News flash: This is not 1982, and Obama is not Reagan.
The important difference is this: There was a good reason for the Volcker-Reagan recession: defeating inflation. American voters may not be terribly economically sophisticated, but they sure as heck did notice when inflation went from 13.5 percent to 3.2 percent — in two years.
This is a salient point - Ronald Reagan was trying to reduce the damage done by the previous Administration's ham=handed and inept economic policies. And it worked - as Williamson notes, inflation dropped drastically in only two years. Mission accomplished!
Unfortunately, this does not seem to be clear to our friends on the Left side of the political spectrum. One of the commenters writes,
Reagan was an incredible deficit spender, I don't think you can distinguish between Obama and Reagan on that factor.

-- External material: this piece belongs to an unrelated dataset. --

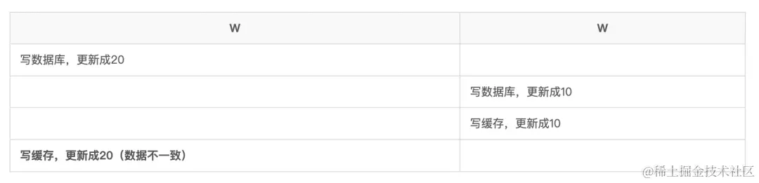 我们在《为什么会出现数据库和缓存不一致的问题》中介绍过的"写写并发"的场景中,如果同时更新缓存和数据库,那么很容易会出现因为并发的问题导致数据不一致的情况。如:

Unless this is a joke, this comment displays a distressing lack of understanding both of history and of international relations. Yes, Reagan did do some large defiicit spending. But, as was the case with the economic policies, there was a reason. A good one. Reagan believed that the Cold War needed to end and he did not think (correctly, as it turned out) that the Soviet Union could keep pace with the US if the Cold War turned into a competition between economic methodology. By spending freely on the US military, he forced the Soviets into an arms race they simply could not win. And his full-throated defense of liberty and freedom gave heart to the millions of enslaved Eastern Europeans. Essentially, Ronald Reagan put his money where his mouth was and bet that the US could win an economic showdown with the Soviet Union. And he was right.
In 1980, when Reagan came into office, the world was resigned to the grim menace of Soviet tanks and proxy wars. Reagan ended that, at least as far as the Soviets were concerned. Proxy wars will go on forever, but the specter of Russian tanks crossing into Western Europe is gone. Ronald Reagan performed two vital actions during his eaight years in office - he won the Cold War (though the Soviet Union did not finally collapse until his successor was in office) and he crushed the inflation caused by Jimmy Carter and his de-regulation put the US on a solid economic course that has lasted by and large until the current Administration.
I don't see how you can compare Reagan and Obama either, but not for the reasons our commenter friend listed. I don't see how you can compare actions taken with a firm goal in mind - a goal that was achieved in both cases largely by the time Reagan left office - to Obama's destructive spending. If Obama's goal is to make the entire country dependent on government and to make the political class into feudal masters, then I guess he is succeeding. But to me there is a fundamental difference between spending to defeat an enemy and spending to make government more powerful. Reagan was all about smaller government. Obama? Not so much.